DIRECTIONS — Drop the pictures, then extract the listing word for word.

INPUT DATA —
-=-=-=-=-
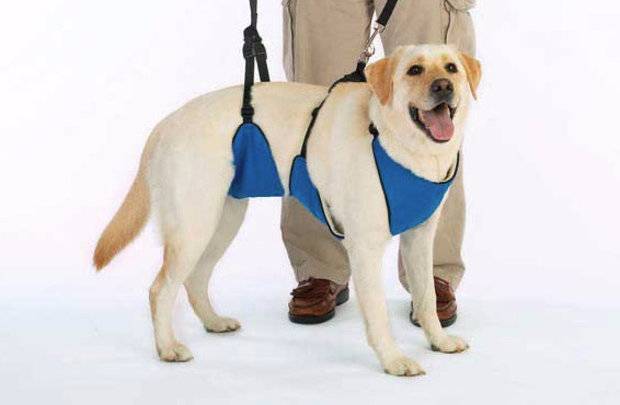 Жилет охватывает большую (порядка 2/3 туловища) площадь, а крепление выведено к задним лапам. Таким образом они разгружаются, а опорной становится передняя пара конечностей.
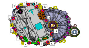 - 拆卸将后驱动单元变流器固定到后驱动单元变速箱的螺栓(12个)。
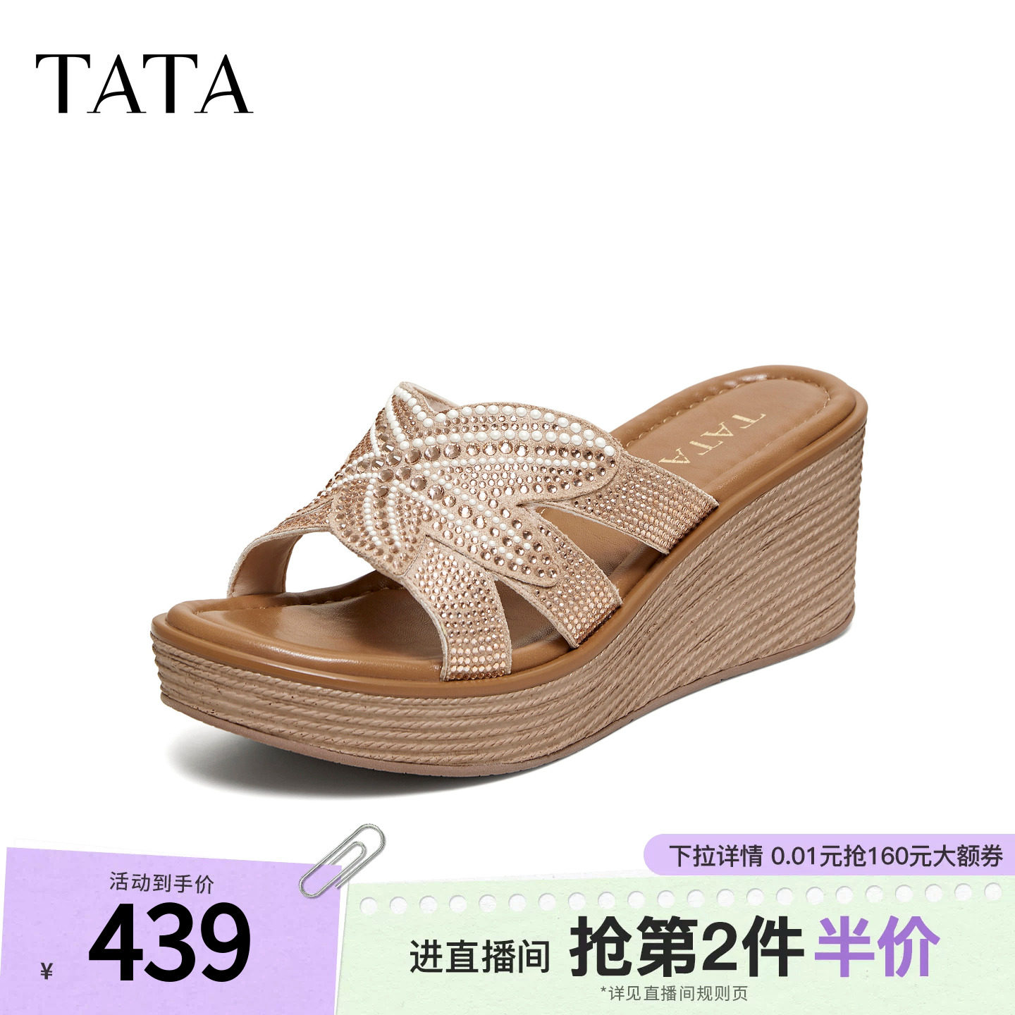 TATA他她女鞋2026夏季新款简约百搭增高厚底休闲女拖鞋7MYA5BT6
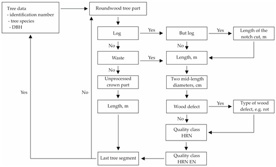 To determine the quantity and quality of the produced log assortments, a destructive method was used. Tree bucking was performed based on the wood’s potential for its end use in the wood industry following HRN standard [45,46,47], which is in use by »Croatian Forests« Ltd. Following minimal dimensions and allowed wood defects prescribed by the used standard, produced logs were classified as veneer logs of the first quality class (VLI), and second quality class (VLII) [45], saw logs of the first quality class (SLI), second quality class (SLII), and third quality class (SLIII) [46], and fuel wood (FW) [47]. Additionally, quality classes were assigned following HRN EN 1316-1 standard grades [48], which classify produced round wood based on its quality into following classes: A, B, C, D, and FW (where A is the best quality class and D is the worst quality class).
-=-=-=-=-
ANSWER TO THIS EXERCISE —
 Жилет охватывает большую (порядка 2/3 туловища) площадь, а крепление выведено к задним лапам. Таким образом они разгружаются, а опорной становится передняя пара конечностей.
 - 拆卸将后驱动单元变流器固定到后驱动单元变速箱的螺栓(12个)。
 TATA他她女鞋2026夏季新款简约百搭增高厚底休闲女拖鞋7MYA5BT6
 To determine the quantity and quality of the produced log assortments, a destructive method was used. Tree bucking was performed based on the wood’s potential for its end use in the wood industry following HRN standard [45,46,47], which is in use by »Croatian Forests« Ltd. Following minimal dimensions and allowed wood defects prescribed by the used standard, produced logs were classified as veneer logs of the first quality class (VLI), and second quality class (VLII) [45], saw logs of the first quality class (SLI), second quality class (SLII), and third quality class (SLIII) [46], and fuel wood (FW) [47]. Additionally, quality classes were assigned following HRN EN 1316-1 standard grades [48], which classify produced round wood based on its quality into following classes: A, B, C, D, and FW (where A is the best quality class and D is the worst quality class).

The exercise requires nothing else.